Start of Supplied data

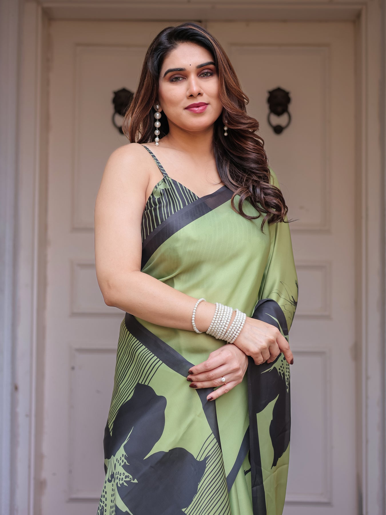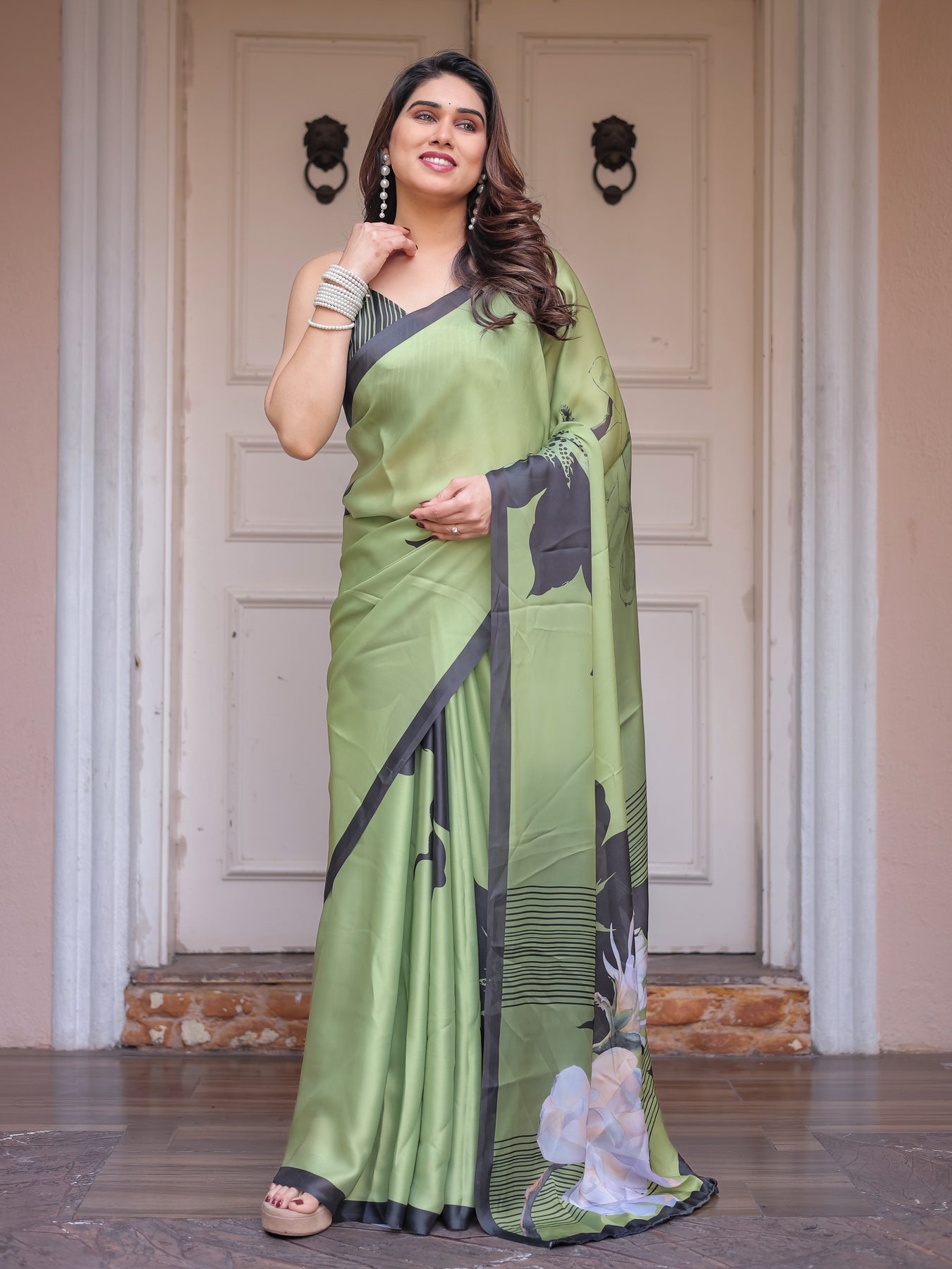 Step into contemporary elegance with this olive green satin georgette printed saree, thoughtfully designed for women who love bold artistry blended with graceful sophistication. The saree features a refreshing pistachio-green base highlighted with dramatic black floral silhouettes and fine linear stripe accents, creating a striking yet balanced visual appeal.
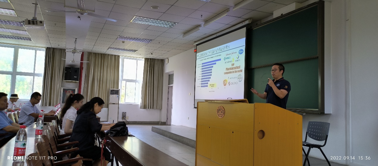 首先,朱虎成简要回顾了学校、学院的历史沿革。指出学院在五十余年的发展历程中,始终秉承“明德求真,弘药济世”的院训,把“培养具有国际视野、家国情怀,具备科学家潜质的新药创制领军人才”当作发展的初心与使命。并对药学院的师资力量、人才培养、科学研究、国际交流以及社会服务等现状作了较全面的介绍,对研究生新生寄予了殷切希望。
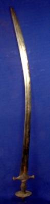 | Description / विवरण | Sword, with slightly curved blade groove. The hilt is having koft work. |
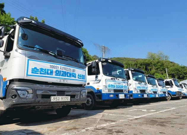 ¼øÃµ½Ã Á÷¿µ û¼ÒÂ÷·®°ú ´ëÇà»ç û¼ÒÂ÷·® ÃÑ 60´ë¿¡ ¡®100¸¸ Áö¿ª¹ÎÀÇ ²Þ ¼øÃµ´ë Àǰú´ëÇÐ ½Å¼³¡¯Çö¼ö¸·À» ºÎÂøÇϰí 24°³ À¾¸éµ¿ ±¸¼®±¸¼®À» µ¹¸ç Áö¿ª¹ÎÀÇ ±¹¸³¼øÃµ´ë ÀÇ´ë ½Å¼³ ÀÇÁö¸¦ ¾Ë¸®°í ÀÖ´Ù.
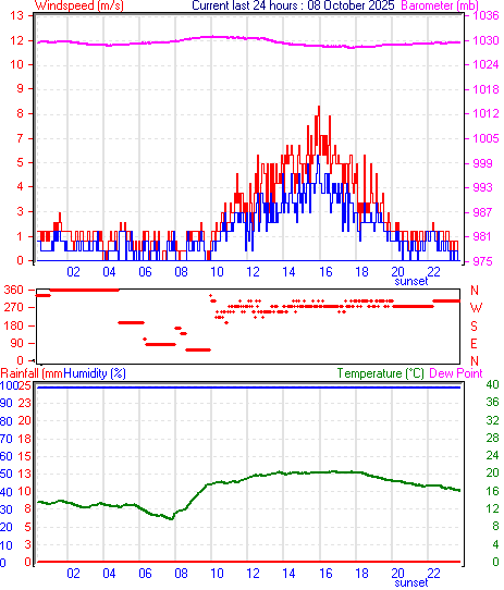--------------------------------------------------- Average temperature 16.4 °C Average humidity 100 % Average dewpoint 16.4 °C Average barometer 1030.1 mb Average windspeed 1.5 m/s Average gustspeed 2.3 m/s Average direction 278 ° ( W ) Rainfall for month 4.4 mm Rainfall for year 355.6 mm ----------------------------------------------------------- Maximum rain per minute 0.0 mm on day 07 at time 00:02 Maximum temperature 20.5 °C on day 07 at time 16:52 Minimum temperature 9.6 °C on day 07 at time 07:51 Minimum pressure 1028.1 mb on day 07 at time 18:05 Maximum pressure 1031.0 mb on day 07 at time 10:04 Maximum windspeed 6.2 m/s from 277° on day 07 at time 16:34 Maximum gust speed 8.7 m/s from 267° on day 07 at time 14:50 Maximum humidity 100 % on day 07 at time 00:02 Minimum humidity 100 % on day 07 at time 00:02 Maximum heat index 18.0 °C on day 07 at time 20:46 Click here for todays 24 hour graph :7 :10 :2025 ------------------------------------------------------------ Averages\Extremes for day :08![]()
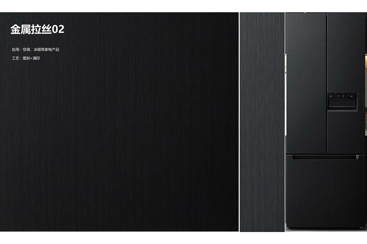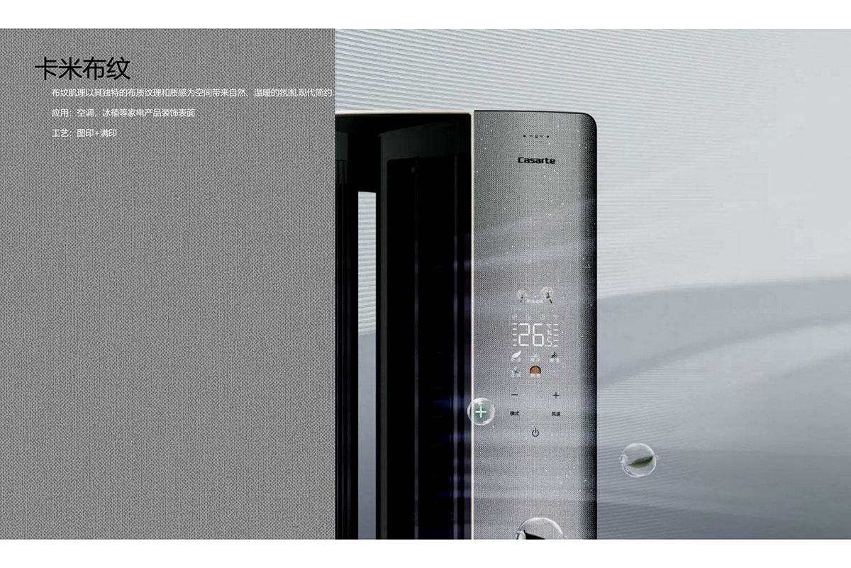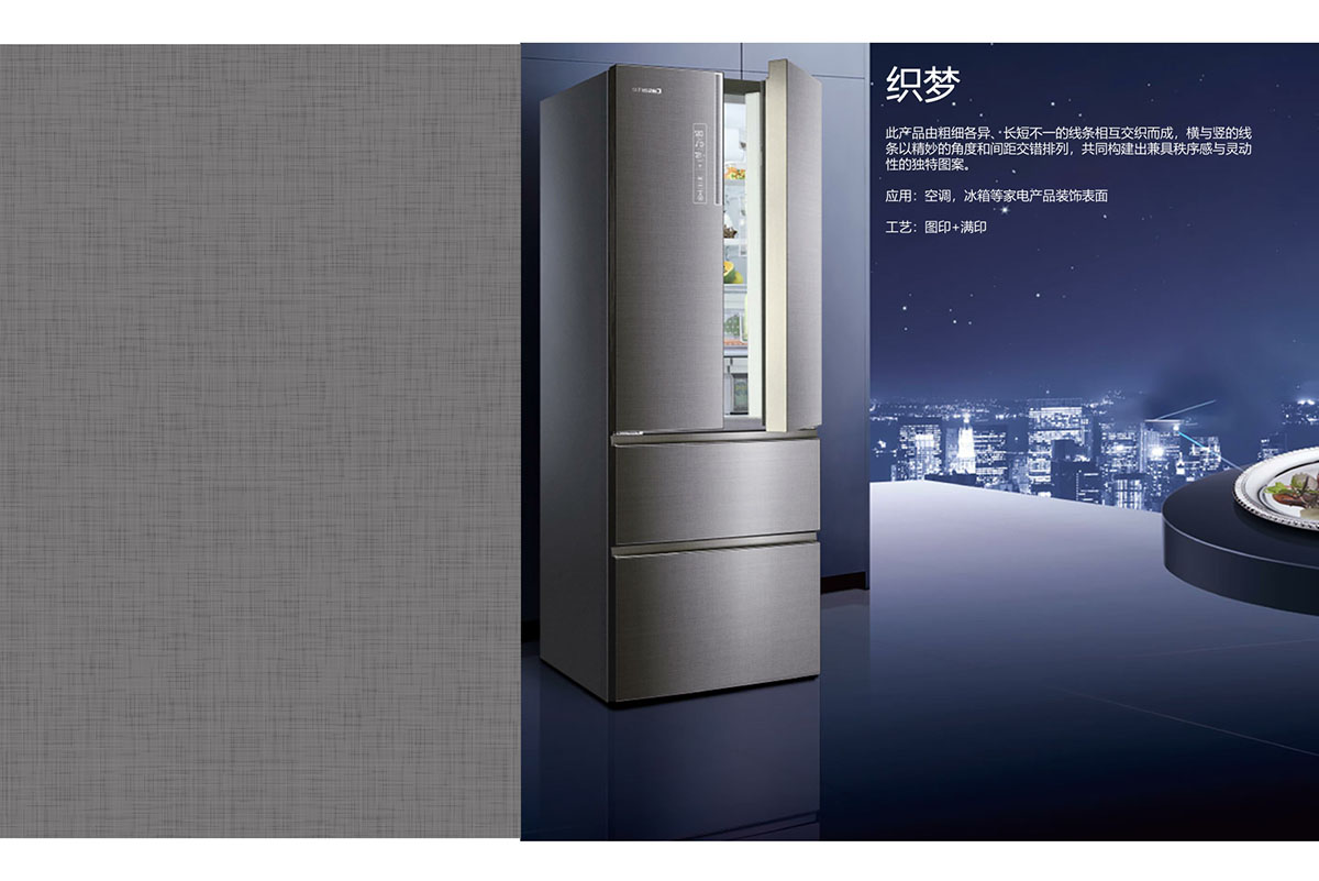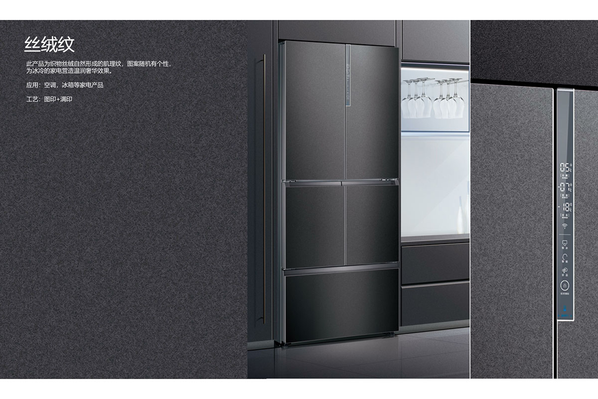 此产品为织物丝绒自然形成的肌理纹,图案随机有个性, 为冰冷的家电营造温润奢华效果。
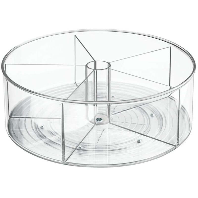 Nei 5 scomparti dello scaffale girevole, puoi organizzare alimenti, pacchetti e altri oggetti in modo ordinato, risparmiando spazio. Poiché il vassoio girevole è trasparente, il suo contenuto è facilmente visibile. Il sistema di rotazione consente un facile accesso anche negli armadi profondi. La base girevole è perfetta come servizio da tavola per latte, zucchero o snack, così come in ufficio per cancelleria o utensili. Con una dimensione di 29,2 cm (diametro) x 10,7 cm, il vassoio girevole si adatta facilmente al piano di lavoro. Può anche essere posizionato nella dispensa. Il supporto girevole è realizzato in plastica resistente e può resistere facilmente all'uso quotidiano. Può essere utilizzato anche in bagno. Dimensioni: 29,2 cm x 10,7 cm. Materiale principale: Plastica.
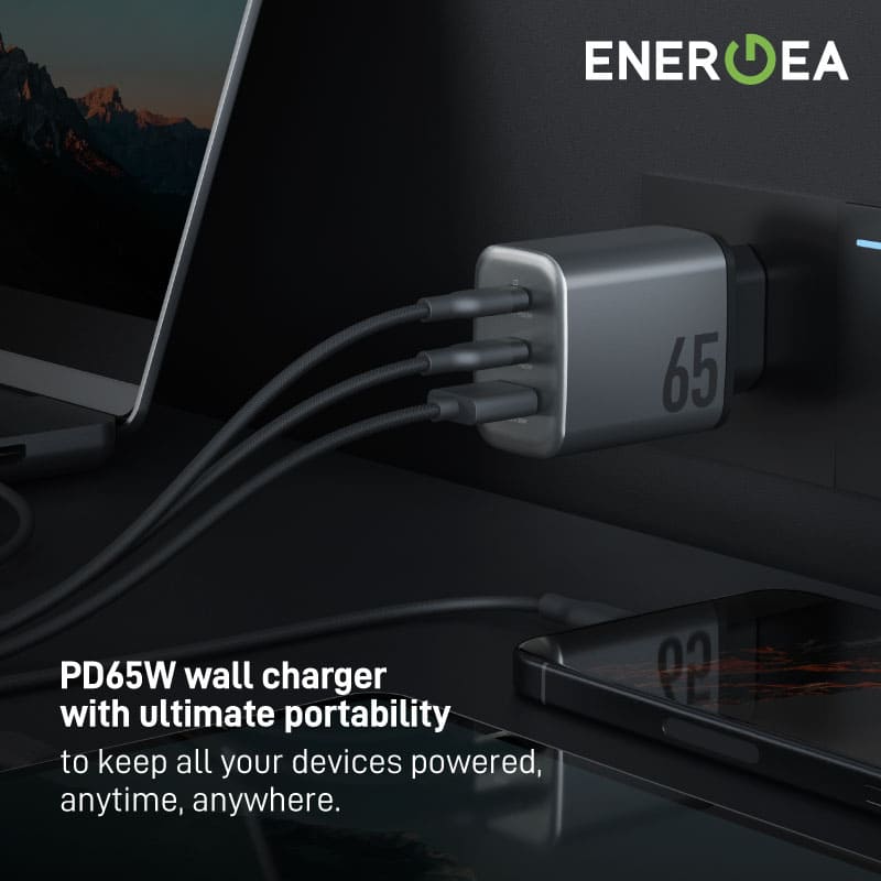 12 MONTHS OFFICIAL INDONESIA WARRANTY The latest generation of AmpCharge charger adapter from ENERGEA. This time a mini charger adapter with GaN (Gallium Nitrite) technology is equipped with 3 USBs that support Power Delivery and Quick Charge 3.0 up to 65W. Suitable for those of you who have sophisticated smartphones and travel hobbies, the relatively small size of the charger makes this charger can be used anytime and anywhere. Feature: 3X FASTER CHARGING TIME Equipped with 3 USB ports, namely USB-C PD 65W and USB-A Quick Charge 3.0 30W according to standard charging for all devices. 50% SMALLER IN SIZE The chip material is made of GaN (Gallium Nitrite) so this charger adapter has a size 50% smaller than the 65W charger in general. LESSER HEAT, HIGHER EFFICIENCY With GaNSmart technology that can minimize excessive heat when charging your smartphone at maximum power. SAFE & RELIABLE Standard safety features such as overcurrent, overvoltage, and overheating to keep your smartphone safe. UNIVERSAL COMPATIBILITY Works comfortably with various mobile or tablet devices.

End of Supplied data

*What you will do*
Write out the data again word for word, minus any images.

*Answer below*
 Step into contemporary elegance with this olive green satin georgette printed saree, thoughtfully designed for women who love bold artistry blended with graceful sophistication. The saree features a refreshing pistachio-green base highlighted with dramatic black floral silhouettes and fine linear stripe accents, creating a striking yet balanced visual appeal.
 首先,朱虎成简要回顾了学校、学院的历史沿革。指出学院在五十余年的发展历程中,始终秉承“明德求真,弘药济世”的院训,把“培养具有国际视野、家国情怀,具备科学家潜质的新药创制领军人才”当作发展的初心与使命。并对药学院的师资力量、人才培养、科学研究、国际交流以及社会服务等现状作了较全面的介绍,对研究生新生寄予了殷切希望。
 | Description / विवरण | Sword, with slightly curved blade groove. The hilt is having koft work. |
 ¼øÃµ½Ã Á÷¿µ û¼ÒÂ÷·®°ú ´ëÇà»ç û¼ÒÂ÷·® ÃÑ 60´ë¿¡ ¡®100¸¸ Áö¿ª¹ÎÀÇ ²Þ ¼øÃµ´ë Àǰú´ëÇÐ ½Å¼³¡¯Çö¼ö¸·À» ºÎÂøÇϰí 24°³ À¾¸éµ¿ ±¸¼®±¸¼®À» µ¹¸ç Áö¿ª¹ÎÀÇ ±¹¸³¼øÃµ´ë ÀÇ´ë ½Å¼³ ÀÇÁö¸¦ ¾Ë¸®°í ÀÖ´Ù.
--------------------------------------------------- Average temperature 16.4 °C Average humidity 100 % Average dewpoint 16.4 °C Average barometer 1030.1 mb Average windspeed 1.5 m/s Average gustspeed 2.3 m/s Average direction 278 ° ( W ) Rainfall for month 4.4 mm Rainfall for year 355.6 mm ----------------------------------------------------------- Maximum rain per minute 0.0 mm on day 07 at time 00:02 Maximum temperature 20.5 °C on day 07 at time 16:52 Minimum temperature 9.6 °C on day 07 at time 07:51 Minimum pressure 1028.1 mb on day 07 at time 18:05 Maximum pressure 1031.0 mb on day 07 at time 10:04 Maximum windspeed 6.2 m/s from 277° on day 07 at time 16:34 Maximum gust speed 8.7 m/s from 267° on day 07 at time 14:50 Maximum humidity 100 % on day 07 at time 00:02 Minimum humidity 100 % on day 07 at time 00:02 Maximum heat index 18.0 °C on day 07 at time 20:46 Click here for todays 24 hour graph :7 :10 :2025 ------------------------------------------------------------ Averages\Extremes for day :08![]()
 此产品为织物丝绒自然形成的肌理纹,图案随机有个性, 为冰冷的家电营造温润奢华效果。
 Nei 5 scomparti dello scaffale girevole, puoi organizzare alimenti, pacchetti e altri oggetti in modo ordinato, risparmiando spazio. Poiché il vassoio girevole è trasparente, il suo contenuto è facilmente visibile. Il sistema di rotazione consente un facile accesso anche negli armadi profondi. La base girevole è perfetta come servizio da tavola per latte, zucchero o snack, così come in ufficio per cancelleria o utensili. Con una dimensione di 29,2 cm (diametro) x 10,7 cm, il vassoio girevole si adatta facilmente al piano di lavoro. Può anche essere posizionato nella dispensa. Il supporto girevole è realizzato in plastica resistente e può resistere facilmente all'uso quotidiano. Può essere utilizzato anche in bagno. Dimensioni: 29,2 cm x 10,7 cm. Materiale principale: Plastica.
 12 MONTHS OFFICIAL INDONESIA WARRANTY The latest generation of AmpCharge charger adapter from ENERGEA. This time a mini charger adapter with GaN (Gallium Nitrite) technology is equipped with 3 USBs that support Power Delivery and Quick Charge 3.0 up to 65W. Suitable for those of you who have sophisticated smartphones and travel hobbies, the relatively small size of the charger makes this charger can be used anytime and anywhere. Feature: 3X FASTER CHARGING TIME Equipped with 3 USB ports, namely USB-C PD 65W and USB-A Quick Charge 3.0 30W according to standard charging for all devices. 50% SMALLER IN SIZE The chip material is made of GaN (Gallium Nitrite) so this charger adapter has a size 50% smaller than the 65W charger in general. LESSER HEAT, HIGHER EFFICIENCY With GaNSmart technology that can minimize excessive heat when charging your smartphone at maximum power. SAFE & RELIABLE Standard safety features such as overcurrent, overvoltage, and overheating to keep your smartphone safe. UNIVERSAL COMPATIBILITY Works comfortably with various mobile or tablet devices.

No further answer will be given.